Task material —
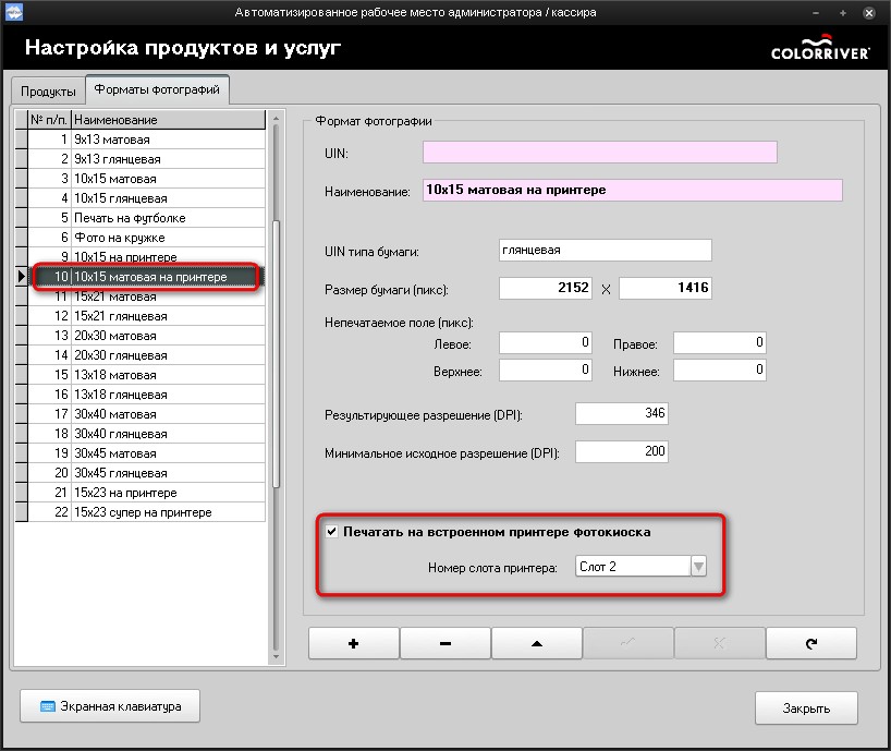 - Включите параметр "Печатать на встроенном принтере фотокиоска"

* * *

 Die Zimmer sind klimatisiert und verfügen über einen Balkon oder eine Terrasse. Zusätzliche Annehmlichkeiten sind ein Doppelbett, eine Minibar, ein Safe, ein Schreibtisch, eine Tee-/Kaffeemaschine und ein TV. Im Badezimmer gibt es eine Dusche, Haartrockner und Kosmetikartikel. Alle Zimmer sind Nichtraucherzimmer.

---

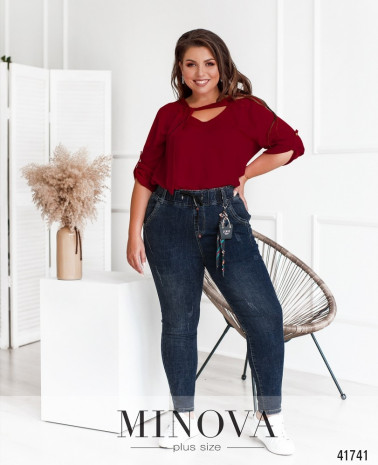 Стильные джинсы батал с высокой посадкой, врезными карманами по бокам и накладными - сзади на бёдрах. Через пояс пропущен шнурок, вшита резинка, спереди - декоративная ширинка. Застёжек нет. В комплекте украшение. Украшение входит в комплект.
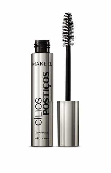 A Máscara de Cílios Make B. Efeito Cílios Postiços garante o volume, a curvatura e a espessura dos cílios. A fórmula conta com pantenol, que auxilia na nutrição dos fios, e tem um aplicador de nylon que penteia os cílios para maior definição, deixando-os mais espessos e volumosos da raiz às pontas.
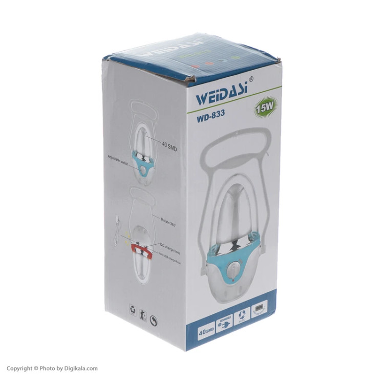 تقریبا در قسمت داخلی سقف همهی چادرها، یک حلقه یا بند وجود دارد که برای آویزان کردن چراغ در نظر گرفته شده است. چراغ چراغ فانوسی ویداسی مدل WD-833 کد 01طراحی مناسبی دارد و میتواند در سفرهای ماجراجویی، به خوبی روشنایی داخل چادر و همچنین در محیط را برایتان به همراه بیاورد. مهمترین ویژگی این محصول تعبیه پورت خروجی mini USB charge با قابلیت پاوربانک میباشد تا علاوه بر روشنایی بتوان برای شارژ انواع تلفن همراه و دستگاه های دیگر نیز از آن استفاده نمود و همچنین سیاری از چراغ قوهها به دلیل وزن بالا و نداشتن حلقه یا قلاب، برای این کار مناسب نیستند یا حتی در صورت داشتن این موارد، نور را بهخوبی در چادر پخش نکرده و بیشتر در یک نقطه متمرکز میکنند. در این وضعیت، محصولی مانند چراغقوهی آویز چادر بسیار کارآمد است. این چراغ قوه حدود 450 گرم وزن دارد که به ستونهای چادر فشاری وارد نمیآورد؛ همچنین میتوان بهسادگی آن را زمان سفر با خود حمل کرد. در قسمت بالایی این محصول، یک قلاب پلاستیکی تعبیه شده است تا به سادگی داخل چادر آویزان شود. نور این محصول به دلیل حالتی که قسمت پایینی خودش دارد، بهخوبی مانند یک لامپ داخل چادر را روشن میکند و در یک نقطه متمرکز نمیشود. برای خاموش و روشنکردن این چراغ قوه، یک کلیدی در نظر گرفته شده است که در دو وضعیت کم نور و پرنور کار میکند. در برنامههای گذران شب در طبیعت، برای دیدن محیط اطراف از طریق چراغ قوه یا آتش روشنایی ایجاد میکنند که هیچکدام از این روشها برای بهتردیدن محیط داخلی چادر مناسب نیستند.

Task brief — Using the data above, retype exactly and only the lines from the one containing "Стильные джинсы батал" up to and including the one containing "A Máscara de", with no pictures carried over.

Result for this task —
 Стильные джинсы батал с высокой посадкой, врезными карманами по бокам и накладными - сзади на бёдрах. Через пояс пропущен шнурок, вшита резинка, спереди - декоративная ширинка. Застёжек нет. В комплекте украшение. Украшение входит в комплект.
 A Máscara de Cílios Make B. Efeito Cílios Postiços garante o volume, a curvatura e a espessura dos cílios. A fórmula conta com pantenol, que auxilia na nutrição dos fios, e tem um aplicador de nylon que penteia os cílios para maior definição, deixando-os mais espessos e volumosos da raiz às pontas.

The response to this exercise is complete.